As a method of driving the panel, a subfield method, that is, a method of dividing one field period into a plurality of subfields and then performing gradation display by a combination of subfields to emit light is common. Here, each subfield has an initialization period, a writing period, and a sustaining period.

In the initialization period, the initialization discharges are simultaneously performed in all the discharge cells, thereby erasing the history of the wall charges for each discharge cell before it, and also forming the wall charges necessary for the subsequent write operation. In addition, it has a function of generating a priming (initiator for excitation = excited particles for discharging) to stably generate the write discharge by reducing the discharge delay. In the write period, the scan pulse voltage is sequentially applied to the scan electrode, and the write pulse voltage corresponding to the image signal to be displayed is applied to the data electrode to selectively generate a write discharge between the scan electrode and the data electrode, Selective wall charge formation. In the subsequent sustain period, a predetermined number of sustain pulse voltages are applied between the scan electrode and the sustain electrode to selectively discharge and discharge the discharge cells that have formed wall charges by write discharge.
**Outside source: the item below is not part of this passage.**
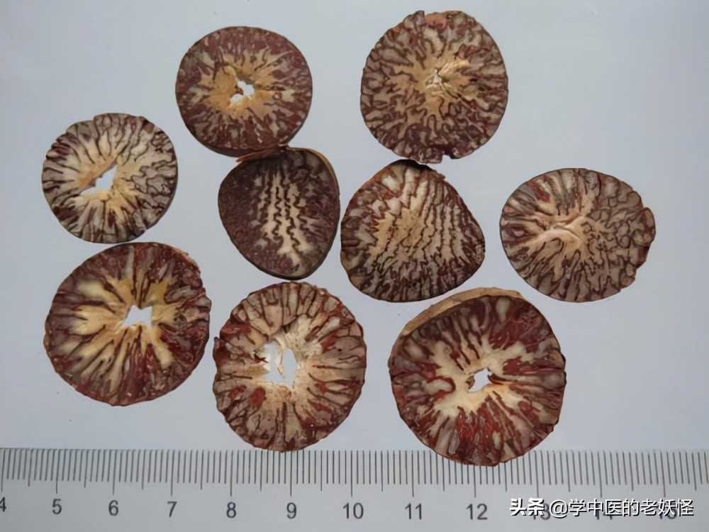 今天讲讲槟榔,驱虫药的一种,也是比较常见且使用频率较高的驱虫药。槟榔主要产地是海南、台湾,包括福建、广西等地区也有分布。属于棕榈科植物,以其干燥成熟的种子入药。在果实成熟后收集,用水煮一遍,然后干燥,除去果皮,将里面的种子取出,如下图。将取出的种子晒干,切成图示片状使用,也可以将其捣碎使用。

In this manner, it is important to reliably execute selective write discharge in the write period in order to display the image accurately. However, there are many factors that increase the discharge delay with respect to the write discharge, such as the fact that a high voltage is not used for the write pulse voltage due to the limitation in the circuit configuration, and that the phosphor layer formed on the data electrode makes it difficult to discharge. Therefore, priming for stably generating address discharge becomes very important.

However, priming caused by discharge decreases rapidly with time. Therefore, in the above-described panel driving method, priming generated by the initialization discharge is insufficient for the write discharge in which a long time has elapsed from the initialization discharge. As a result, there has been a problem that the discharge delay is increased, the writing operation becomes unstable and the image display quality is lowered. Alternatively, there is a problem that the writing time is set long in order to stably perform the writing operation, and as a result, the time spent in the writing period becomes too large.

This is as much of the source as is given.